UK- Employers, the government and the pensions industry need to come up with ideas for promoting occupational pension schemes or face the alternative of taxpayers having to pay an increasing share of pensioners' incomes, according to the Association of Consulting Actuaries.

Speaking at his last ACA dinner before handing over to Gordon Pollock, chairman Mike Arnold criticised the government as being complacent given the number of employers reviewing their pension schemes.

He said data collected by the Association’s members showed fewer than four out of ten final salary schemes remain open to new members and almost half that remain so are reviewing the situation.

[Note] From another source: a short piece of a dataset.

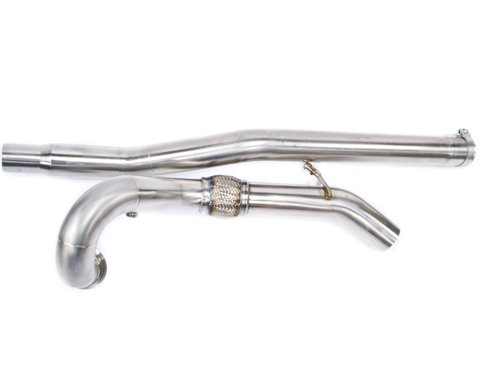 даунпайп имеет диаметр 76.1мм (3 дюйма) с плавным переходом в 60/65мм для стыковки со штатной выпускной системой
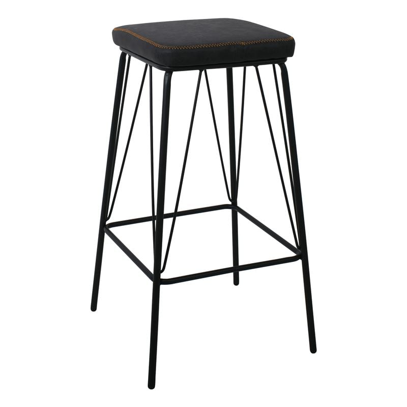 PANTON Σκαμπό BAR, Μέταλλο Βαφή Μαύρο, PU Απόχρωση Vintage Black 43x43x76cm

He expressed concern at the government’s apparent ambivalence and belief that the levels of pensions coverage are being maintained. He quoted a UK pensions minister as saying the reported fall in pension fund assets during 1999 did not exist.

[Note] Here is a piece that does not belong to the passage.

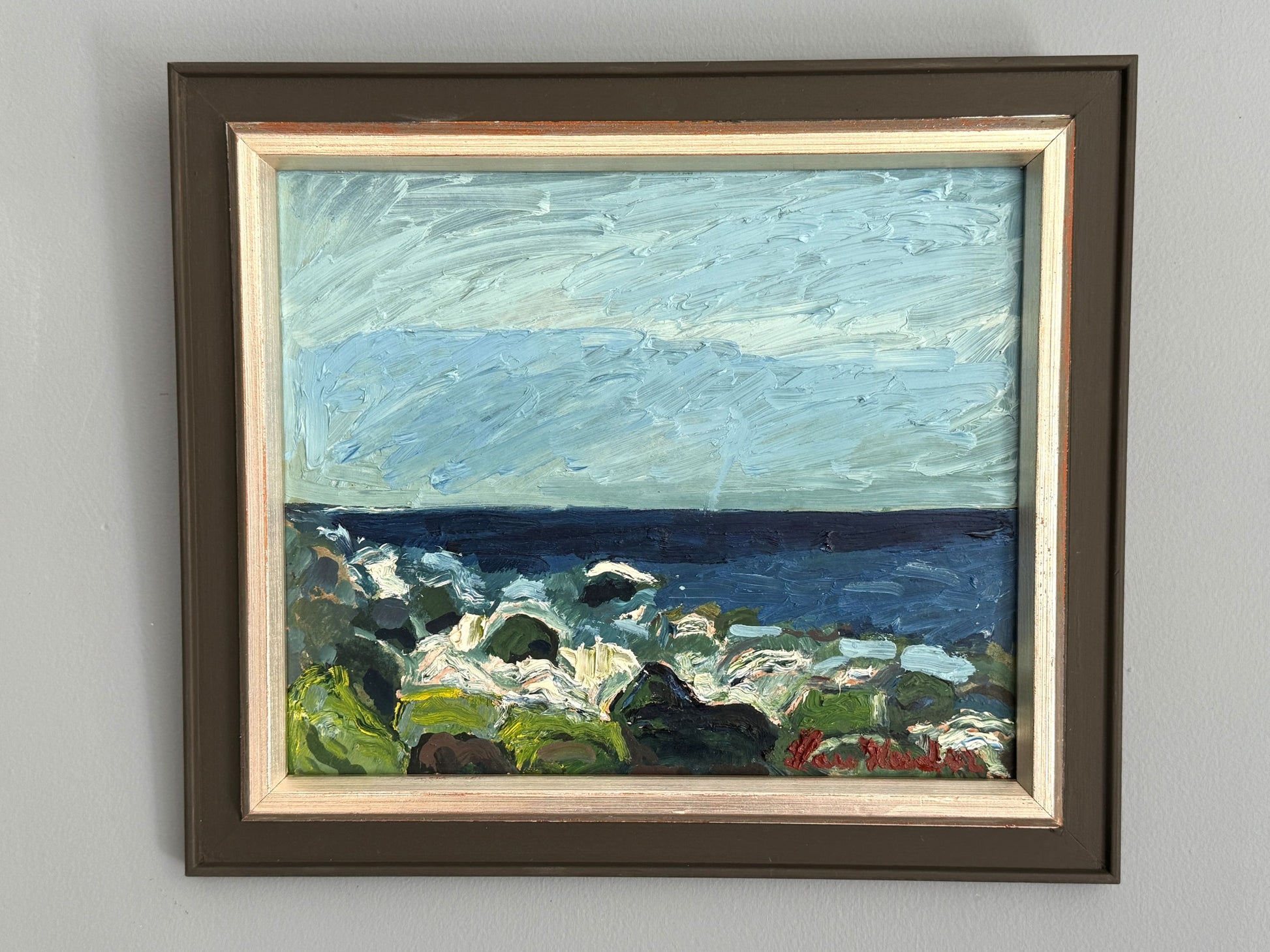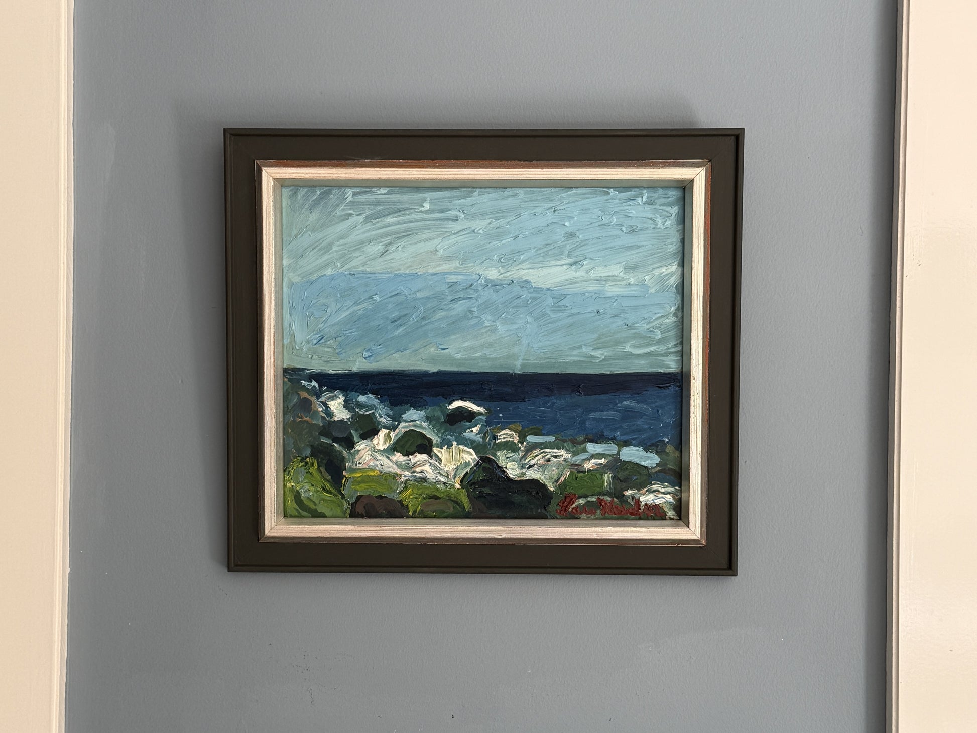 With rough brush strokes and a lot of paint, Lars Herder (1923-1976) created this rugged coastal landscape. Using mostly blues and some greens, whilst adding some (almost) black to create a layers between the rocks. Bright white and some hints of pink depicts the foam of the waves.

Figures released today by UBS Global Asset Management suggest the occupational industry has dropped £150bn in the last two years.

“The reality is that the government’s own statistics have reported for some time that an increasing number of people now work for employers who offer no occupational scheme at all.

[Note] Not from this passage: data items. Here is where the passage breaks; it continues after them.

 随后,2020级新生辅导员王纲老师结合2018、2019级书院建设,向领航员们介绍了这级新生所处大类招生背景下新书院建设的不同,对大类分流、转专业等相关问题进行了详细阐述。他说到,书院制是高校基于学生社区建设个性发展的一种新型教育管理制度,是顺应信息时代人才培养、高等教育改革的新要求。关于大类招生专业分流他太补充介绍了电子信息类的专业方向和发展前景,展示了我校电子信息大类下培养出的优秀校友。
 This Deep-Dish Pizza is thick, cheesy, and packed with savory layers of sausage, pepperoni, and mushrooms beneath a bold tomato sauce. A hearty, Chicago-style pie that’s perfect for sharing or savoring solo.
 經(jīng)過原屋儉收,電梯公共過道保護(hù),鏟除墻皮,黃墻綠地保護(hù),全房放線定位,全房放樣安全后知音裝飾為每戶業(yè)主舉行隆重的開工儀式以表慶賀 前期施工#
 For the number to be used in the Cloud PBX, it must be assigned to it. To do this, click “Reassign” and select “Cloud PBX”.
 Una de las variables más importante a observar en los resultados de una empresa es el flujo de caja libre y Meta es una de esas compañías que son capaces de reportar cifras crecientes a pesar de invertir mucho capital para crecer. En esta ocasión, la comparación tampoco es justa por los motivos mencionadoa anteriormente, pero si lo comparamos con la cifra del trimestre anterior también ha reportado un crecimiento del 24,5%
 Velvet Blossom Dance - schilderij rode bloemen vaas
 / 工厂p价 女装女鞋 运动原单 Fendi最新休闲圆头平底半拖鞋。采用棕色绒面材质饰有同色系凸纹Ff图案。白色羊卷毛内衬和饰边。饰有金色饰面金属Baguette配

"By and large, our members are reporting that new or replacement pensions arrangement are generally seeing much lower contributions than are or were going into final salary arrangements,” he said.

Arnold welcomed the review of pensions simplification carried out by Alan Pickering, former chairman of the National Association of Pension Funds. But he said that initiatives including stakeholder pensions and the pension credit are worthwhile but insufficient to encourage the level of pension saving needed for the future.

“Unless we can persuade the public to make quite large changes in how they spend their money and/or make them save more through effective incentives or higher levels of compulsion, tomorrow’s taxpayers are likely to have to find a lot of money to support the growing band of pensioners who will have inadequate incomes in retirement,” he said.

“Coping with a fast-growing grey population is going to be one of the biggest political and social challenges of the next few decades. Imaginative solutions are going to be needed, tinkering around the edges is unlikely to be enough.”